Multimillionaire widow ordered to give portion of $250m estate to adopted Chinese daughter she gave up after ten years
A wealthy widow who adopted a Chinese girl and then decided to give her up for re-adoption ten years later has been ordered by a court to give her a portion of her $250million estate.
In 1996, John and Christine Svenningsen of Westchester, New York, adopted a baby girl, who they named Emily Fuqui Svenningsen, to add to their brood of four biological children.
Right before the adoption was finalized, they had another biological child and husband John was diagnosed with cancer.
According to court documents, on May 6, 1996, the Svenningsens signed an adoption agreement stating they would not abandon Emily or 'transfer or have [her] re-adopted', and that she would be deemed 'a biological child'.
The agreement also stated that Emily had the right to inherit the estate of her adopted parents, who had established a pair of trusts for their children, as well as one meant solely for Emily, according to ABC.
In December 2004, seven years after her husband died from cancer, Mrs Svenningsen put Emily up for adoption and surrendered her to Spence-Chapin Services to Families and Children, an adoption agency in New York.
She said that Emily was a difficult child and was unable to bond with the family. But the adoptive family suggest that Christine may have wanted to terminate Emily's interest in her husband's estate.
On May 18, 2006, Maryann Campbell and her husband Fred Cass formally adopted Emily after first expressing interest when Mrs Svenningsen brought Emily to their boarding school catered for children with special needs.
Christine placed Emily at the Devereux Glenholme School based upon a diagnosis of reactive attachment disorder, though the staff at Devereux did not concur with that diagnosis, according to court documents, which also noted that Emily thrived with her new family.
The couple had no idea about the money legally owed to their newly adopted daughter from the trust, but eventually learned that John Svenningsen had arranged to provide for Emily’s educational and medical needs.
They were sent a letter by Christine’s lawyers stating that Emily’s trusts totaled $842,397.
When they later learned the estate was worth more than $250million, the couple sued on behalf of the Chinese girl.
Westchester County Surrogate’s Court said that John Svenningsen meant to provide for all of his children, both biological and adopted.
Mrs Svenningsen and her five biological children appealed, but last week the court ruled in Emily's favor.

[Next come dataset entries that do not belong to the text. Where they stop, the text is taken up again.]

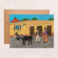 Town art card 4.25 x 5.5 (A2) with kraft envelope. Printed on 100lb. cream cotton card stock with matte finish and blank interior. Original artwork by Luis Romero for River Song.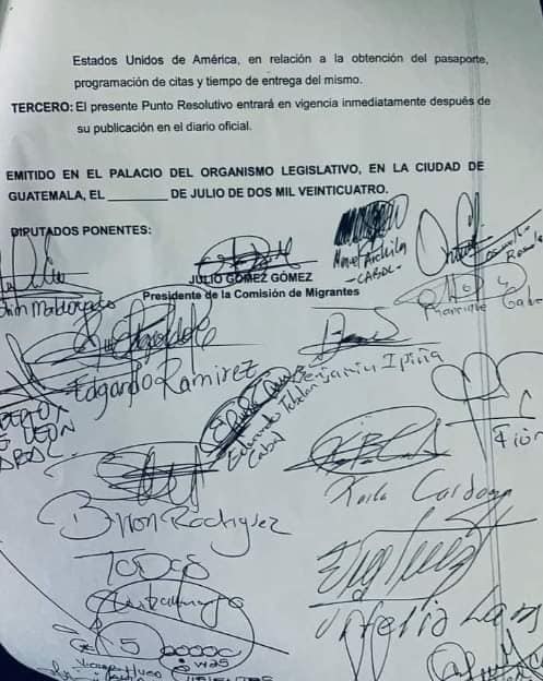 Asimismo exhorta que la cancillería guatemalteca, realice las acciones pertinentes, para mejorar la atención a los guatemaltecos en los consulados de Estados Unidos, el sistema de citas y agilizar la entrega de pasaportes guatemaltecos.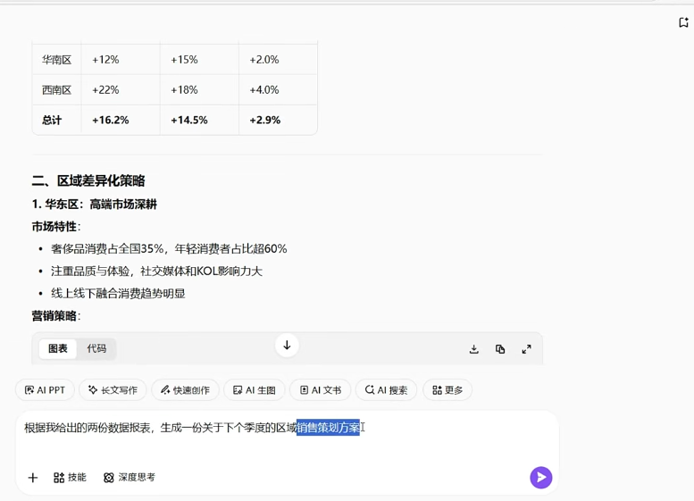 例如我让AI根据刚才那份区域销售数据,生成一份区域销售策划方案。AI会先自动识别表格中的关键指标,包括营收、利润率、区域占比等数据,然后对这些信息进行整理,自动搭建出一个完整的方案框架,比如销售现状分析、区域表现对比、问题诊断以及策略建议等部分。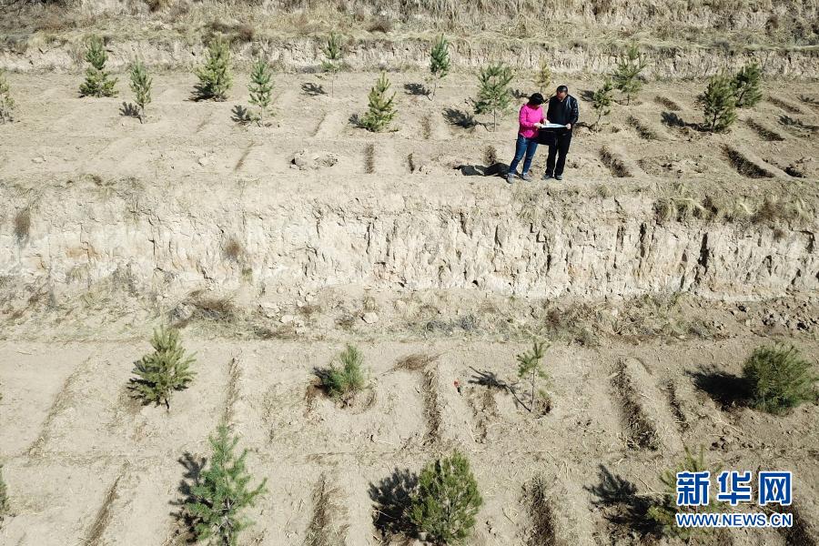 3月11日,在平?jīng)鍪嗅轻紖^(qū)白水鎮(zhèn)焦莊村北山,張文玉(左)和同事討論植樹造林細(xì)節(jié)(無人機(jī)照片)。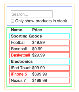 - ProductTable(연두색): 유저의 입력(user input)을 기반으로 데이터 콜렉션(data collection)을 필터링 해서 보여줍니다.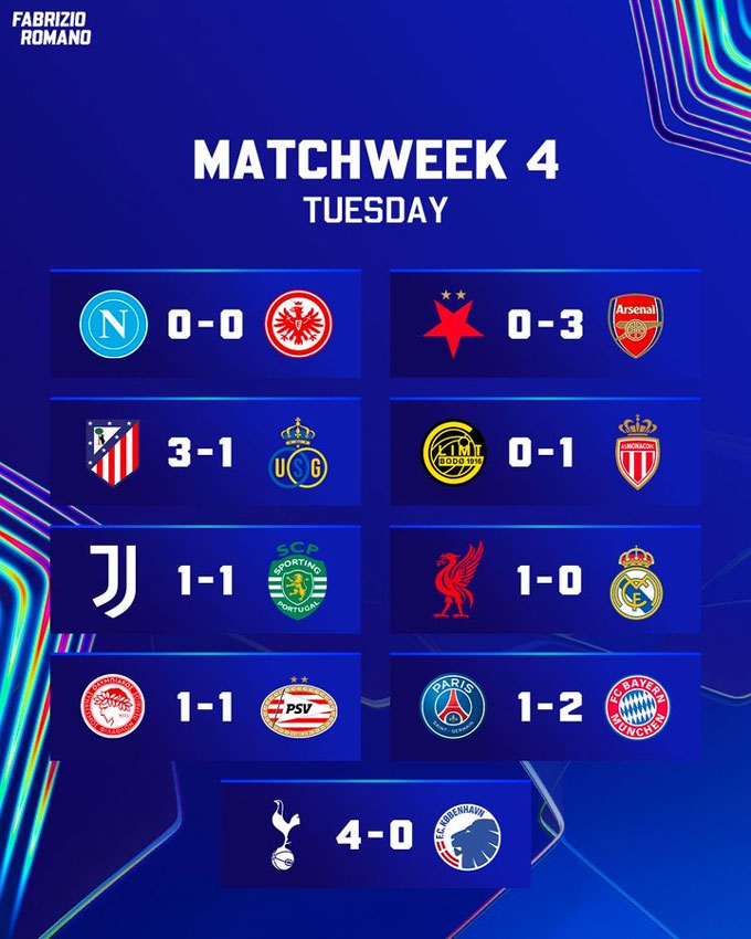 Đầu tiên là Bayern Munich, đội đã đánh bại ĐKVĐ PSG ngay trên sân đối thủ với tỷ số 2-1. Tiếp đến là Arsenal với chiến thắng 3-0 trước Slavia Prague. Và mới nhất là Inter Milan sau khi họ vượt qua Kairat với tỷ số 2-1 ở loạt trận rạng sáng nay.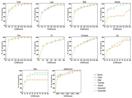 Experimental comparison results of EXAM scores using Barinel, Ochiai, Dstar, Tarantula, Jaccard, Kulczynski1, and Kulczynski2 as suspiciousness in FL-WARMCN on 10 datasets.

'It cannot be overly emphasized that Christine’s unilateral surrender of Emily for adoption more than eight years after the decedent and Christine adopted her was not foreseeable at the time the will, and the trust documents were drafted and executed by the decedent,' Judge Leonard Austin wrote.
'John Svenningsen expressed an intention to include his adopted child in the absence of any reason to believe that his status as the parent of Emily would be terminated by her subsequent adoption many years after his death.'
Christine Svenningsen, who has since remarried and has spent about $33 million buying ten of the so-called Thimble Islands in the Long Island Sound, could not be reached for comment.
She married John G Chiarella, Jr, a landscaping entrepreneur who manages her islands, in July 2010.